I also don’t think ASIC manufacturers would get involved too much since you’re taking a clear anti-ASIC stance and take such a risk when the reward drops by 1% every week (0 reward after 2 years). It’s just a temporary measurement and personally I believe getting as many people as possible into the project is the best way forward for Grin. After all, cryptocurrencies can only establish themselves if the community is big & diverse.

By the way what’s the limiting factor with cuckaroo29? Mem bandwidth? Ops/s (timings/clocks)?

Existing FPGAs have limits on amount of memory supported. There will generally be many more FPGAs able to support 1 GB than ones able to support 8 GB.
ASICs, on second thought, should not be a problem as long as the DRAM required doesn’t fit on chip, which is certainly the case at >= 1GB.

There is another potentially large benefit to requiring more than 6GB. Many huge mining farms are dominated by <= 6GB GPUs. Excluding them makes it easier for hobby miners to compete.

Lowering memory requirements allows more people to mine with their current equipment, but most won’t be able to do so profitably.

That said, we could in principle support a range of acceptable cuckaroo sizes rather than the single 2^29 size, if deemed beneficial to adoption.

I think the most popular FPGA in crypto-mining is the BCU-1525 with 16GB of RAM. And from what I’ve heard the Mineority group hosts/and/or owns over 5000 of these (correct me if I’m wrong), so if they decide to write Bitstreams for it they’ll pretty much have no competition.
I think that’s another reason why it’s important to open up mining to as many people and categories of devices as possible (as you are doing).
I also believe there are as many 8GB mining farms as there are 4GB mining farms, the added expense from manufacturer’s side to either go with 4GB or 8GB is minimal (like 20 bucks when I last phoned with an AMD card manufacturer’s manager) and since most big farms are Ethereum farms I’m sure they were smart enough to pay $20 more and not be out-DAG’ed.

Personally I believe it’s smaller farms & hobbyist miners that went with smaller RAM sizes since they don’t plan to run it for years out, like a big icelandic farm with cheap power would.
Don’t exclude the hobbyists & small farms from participating with their existing infrastructure. The only argument is that it makes it harder for FPGAs (going with 6-7GB), but there’s probably going to be FPGAs mining on cuckaroo whether you like it or not. So at least open it up a bit.

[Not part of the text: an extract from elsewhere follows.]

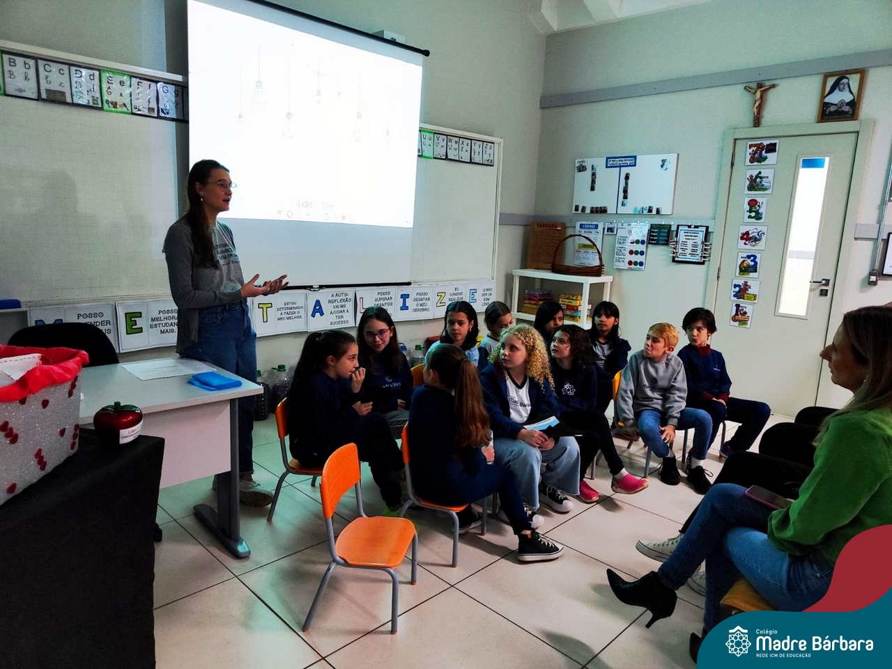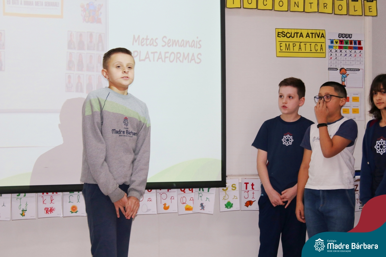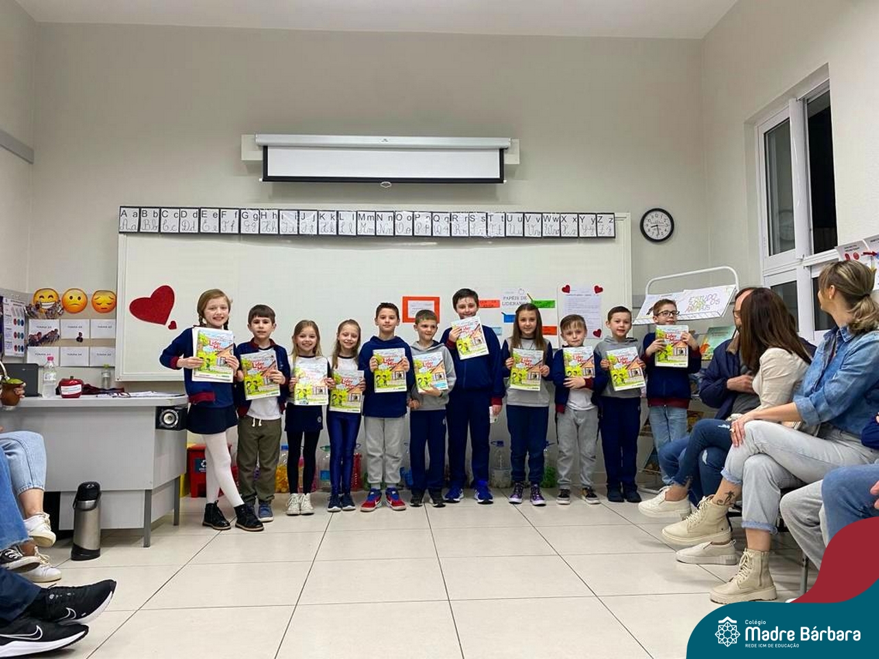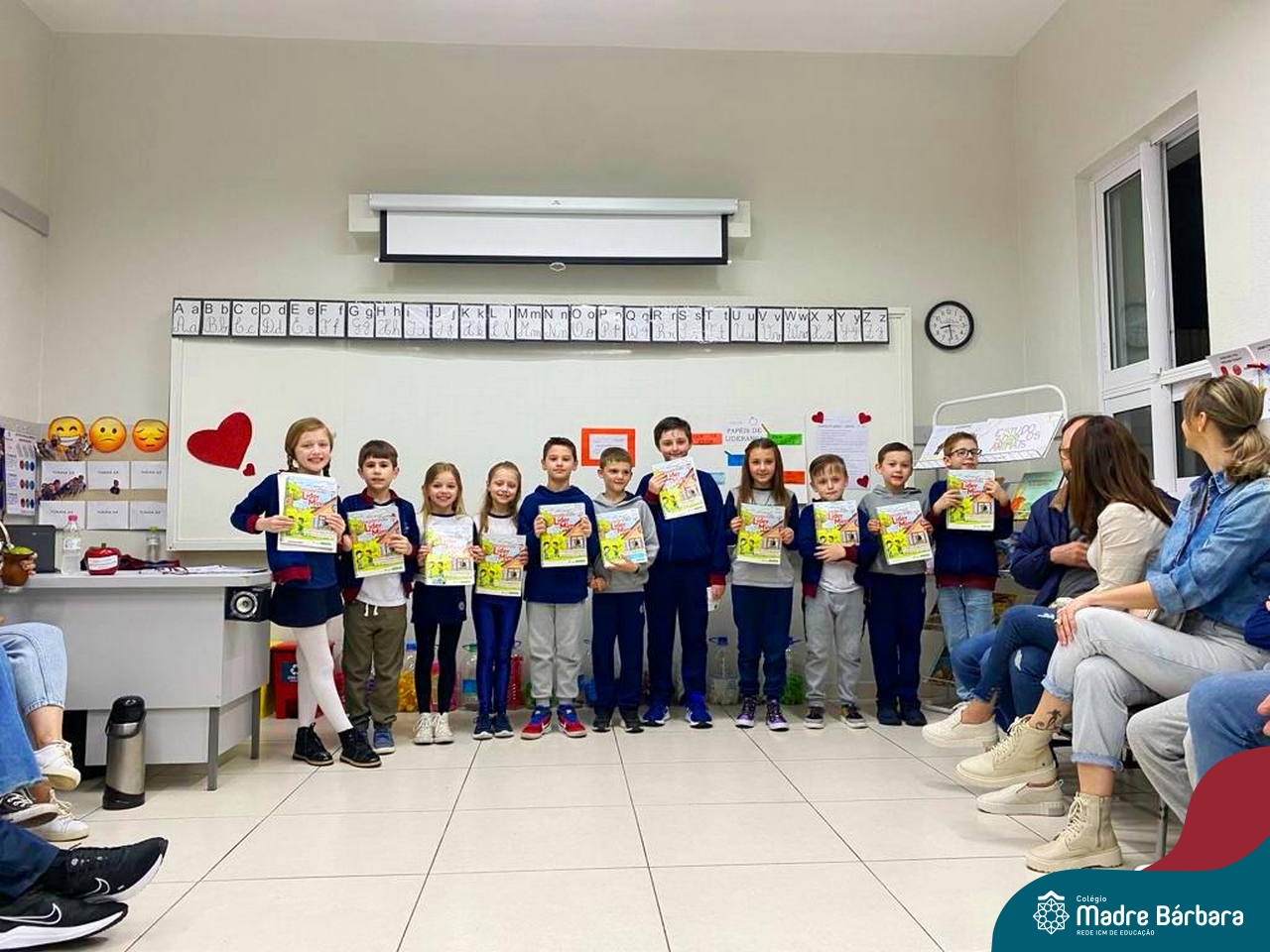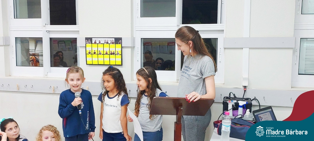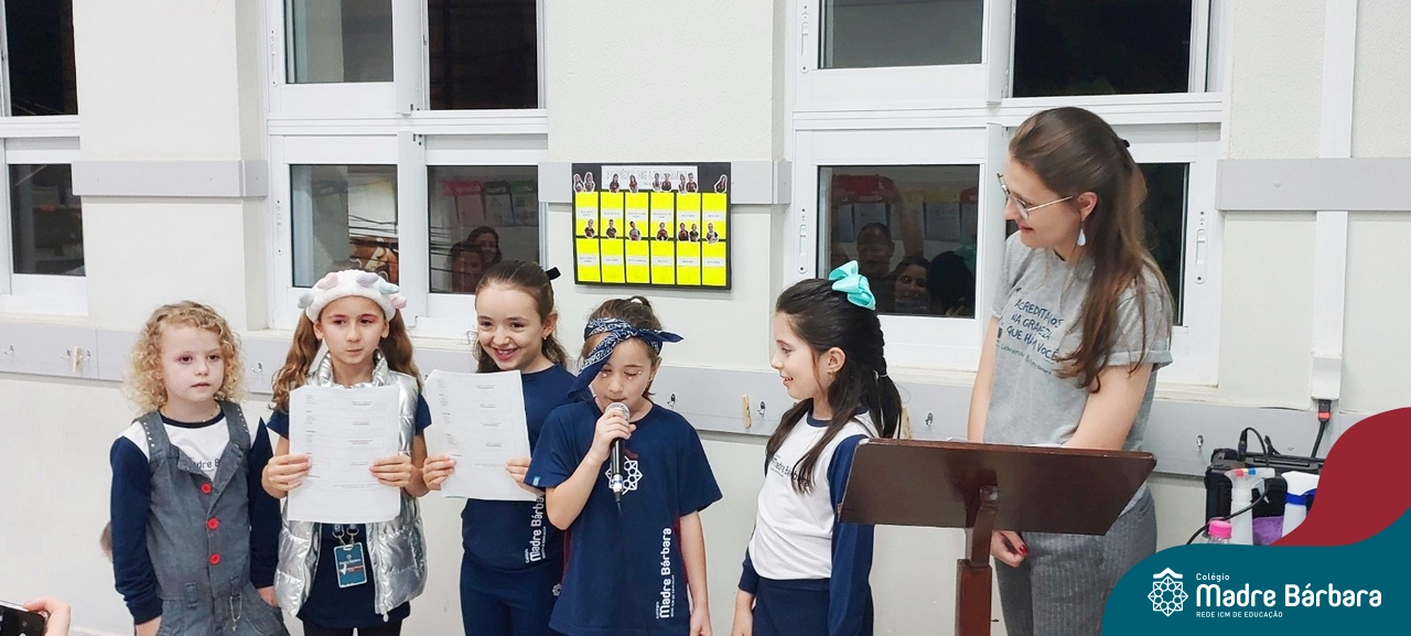 Nos dias 17, 19 e 23 de outubro, ocorreu a Noite da Liderança do Ensino Fundamental – Anos Iniciais, evento apresentado pelos próprios estudantes, inspirados nos 7 hábitos que norteiam o programa “O Líder em Mim”, implantado no Madre Bárbara – em 2017. Foi um modelo educacional que enfatiza a cultura da autonomia por meio de um eficaz processo de mudança comportamental. A Noite da Liderança, é um evento destinado a apresentar o programa e suas atividades, coordenado pelos próprios alunos, mostrando que “O Líder em Mim”, desperta nas crianças um dos principais objetivos do programa, a autonomia.

Just because you have 16GB on that BCU-1525 doesn’t mean you also have GPU-like bandwidth. I’d be surprised if that thing comes even close to GTX1070 when it comes to cuckaroo. It will eat less power, that is for sure. They all should be mining cuckatoo31 with those.

I believe the AR PoW aims to deter any asic, including those with DRAM by any means. More memory chips, complex memory interface and large chunks of data to process are all part of the puzzle. Cuckaroo benefits from complex GPU designs, if you enable all eth farms on cheap power in, your old AMD card won’t even pay for the power.

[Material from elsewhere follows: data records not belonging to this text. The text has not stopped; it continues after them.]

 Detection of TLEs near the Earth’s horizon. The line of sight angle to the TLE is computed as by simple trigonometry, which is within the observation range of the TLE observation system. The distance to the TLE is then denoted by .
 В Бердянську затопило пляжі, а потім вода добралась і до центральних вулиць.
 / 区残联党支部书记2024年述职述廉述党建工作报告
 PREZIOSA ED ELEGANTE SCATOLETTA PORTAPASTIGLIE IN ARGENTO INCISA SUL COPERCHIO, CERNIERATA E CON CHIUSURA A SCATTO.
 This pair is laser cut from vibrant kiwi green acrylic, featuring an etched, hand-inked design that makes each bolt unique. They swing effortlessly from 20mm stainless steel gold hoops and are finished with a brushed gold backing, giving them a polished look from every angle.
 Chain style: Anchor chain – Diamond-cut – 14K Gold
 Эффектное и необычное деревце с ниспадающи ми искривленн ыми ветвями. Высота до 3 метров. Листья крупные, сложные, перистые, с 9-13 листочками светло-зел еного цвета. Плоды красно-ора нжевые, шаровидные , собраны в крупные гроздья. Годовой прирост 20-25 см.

You can still mine AF PoW on any GPU with 1GB for a loss if you want.

  1. So you think ETH farms around the world all run on 4GB? You will have farms with cheap power either way.
  2. My point is offering fairness and giving people a chance to participate. If somebody hears they can mine this algo profitably on their mobile GPU, think they won’t just try printing magic internet money for shits & giggles? That’s how Bitcoin took off, through being mined by people at their homes and spreading the word.

By enabling only 8GB you are excluding a large potential userbase and their network. Giving all power to 8GB GPU miners and $4000 FPGA owners.